Retype the full set of records. Keep every character identical.

Dataset records:
------------------------------------------------

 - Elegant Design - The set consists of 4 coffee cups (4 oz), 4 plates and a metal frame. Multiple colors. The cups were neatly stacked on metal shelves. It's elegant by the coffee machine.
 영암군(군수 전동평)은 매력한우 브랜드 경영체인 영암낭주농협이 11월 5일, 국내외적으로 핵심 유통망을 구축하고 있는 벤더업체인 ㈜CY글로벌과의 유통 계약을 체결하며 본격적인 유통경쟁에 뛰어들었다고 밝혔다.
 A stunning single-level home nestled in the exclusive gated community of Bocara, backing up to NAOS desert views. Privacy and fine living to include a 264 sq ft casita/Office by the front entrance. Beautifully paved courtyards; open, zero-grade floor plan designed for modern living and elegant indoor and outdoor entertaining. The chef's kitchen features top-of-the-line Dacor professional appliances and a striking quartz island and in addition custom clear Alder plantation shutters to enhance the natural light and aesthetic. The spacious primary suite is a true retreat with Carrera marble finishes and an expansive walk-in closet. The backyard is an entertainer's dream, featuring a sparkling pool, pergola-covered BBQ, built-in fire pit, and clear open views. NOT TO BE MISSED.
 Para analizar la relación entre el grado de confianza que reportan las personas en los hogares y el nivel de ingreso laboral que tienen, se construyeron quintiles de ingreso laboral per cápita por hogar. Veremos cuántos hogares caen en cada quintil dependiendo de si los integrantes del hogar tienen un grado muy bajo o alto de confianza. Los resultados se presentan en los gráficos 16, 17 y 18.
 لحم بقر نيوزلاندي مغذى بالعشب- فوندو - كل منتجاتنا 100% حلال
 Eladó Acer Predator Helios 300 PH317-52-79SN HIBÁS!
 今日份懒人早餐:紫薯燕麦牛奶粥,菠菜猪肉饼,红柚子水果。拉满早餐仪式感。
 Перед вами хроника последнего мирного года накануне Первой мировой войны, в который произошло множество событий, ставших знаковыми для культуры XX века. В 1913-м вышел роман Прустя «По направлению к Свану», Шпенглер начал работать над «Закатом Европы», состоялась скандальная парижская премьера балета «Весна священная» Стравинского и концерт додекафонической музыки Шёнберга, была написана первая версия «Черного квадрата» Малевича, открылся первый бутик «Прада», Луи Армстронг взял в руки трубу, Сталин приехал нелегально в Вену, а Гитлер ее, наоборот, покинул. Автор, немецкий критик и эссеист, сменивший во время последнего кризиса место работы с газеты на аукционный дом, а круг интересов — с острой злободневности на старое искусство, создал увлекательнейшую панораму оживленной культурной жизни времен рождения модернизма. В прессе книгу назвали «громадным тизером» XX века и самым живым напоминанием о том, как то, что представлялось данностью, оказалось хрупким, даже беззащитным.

------------------------------------------------

→ Completed exercise:
 - Elegant Design - The set consists of 4 coffee cups (4 oz), 4 plates and a metal frame. Multiple colors. The cups were neatly stacked on metal shelves. It's elegant by the coffee machine.
 영암군(군수 전동평)은 매력한우 브랜드 경영체인 영암낭주농협이 11월 5일, 국내외적으로 핵심 유통망을 구축하고 있는 벤더업체인 ㈜CY글로벌과의 유통 계약을 체결하며 본격적인 유통경쟁에 뛰어들었다고 밝혔다.
 A stunning single-level home nestled in the exclusive gated community of Bocara, backing up to NAOS desert views. Privacy and fine living to include a 264 sq ft casita/Office by the front entrance. Beautifully paved courtyards; open, zero-grade floor plan designed for modern living and elegant indoor and outdoor entertaining. The chef's kitchen features top-of-the-line Dacor professional appliances and a striking quartz island and in addition custom clear Alder plantation shutters to enhance the natural light and aesthetic. The spacious primary suite is a true retreat with Carrera marble finishes and an expansive walk-in closet. The backyard is an entertainer's dream, featuring a sparkling pool, pergola-covered BBQ, built-in fire pit, and clear open views. NOT TO BE MISSED.
 Para analizar la relación entre el grado de confianza que reportan las personas en los hogares y el nivel de ingreso laboral que tienen, se construyeron quintiles de ingreso laboral per cápita por hogar. Veremos cuántos hogares caen en cada quintil dependiendo de si los integrantes del hogar tienen un grado muy bajo o alto de confianza. Los resultados se presentan en los gráficos 16, 17 y 18.
 لحم بقر نيوزلاندي مغذى بالعشب- فوندو - كل منتجاتنا 100% حلال
 Eladó Acer Predator Helios 300 PH317-52-79SN HIBÁS!
 今日份懒人早餐:紫薯燕麦牛奶粥,菠菜猪肉饼,红柚子水果。拉满早餐仪式感。
 Перед вами хроника последнего мирного года накануне Первой мировой войны, в который произошло множество событий, ставших знаковыми для культуры XX века. В 1913-м вышел роман Прустя «По направлению к Свану», Шпенглер начал работать над «Закатом Европы», состоялась скандальная парижская премьера балета «Весна священная» Стравинского и концерт додекафонической музыки Шёнберга, была написана первая версия «Черного квадрата» Малевича, открылся первый бутик «Прада», Луи Армстронг взял в руки трубу, Сталин приехал нелегально в Вену, а Гитлер ее, наоборот, покинул. Автор, немецкий критик и эссеист, сменивший во время последнего кризиса место работы с газеты на аукционный дом, а круг интересов — с острой злободневности на старое искусство, создал увлекательнейшую панораму оживленной культурной жизни времен рождения модернизма. В прессе книгу назвали «громадным тизером» XX века и самым живым напоминанием о том, как то, что представлялось данностью, оказалось хрупким, даже беззащитным.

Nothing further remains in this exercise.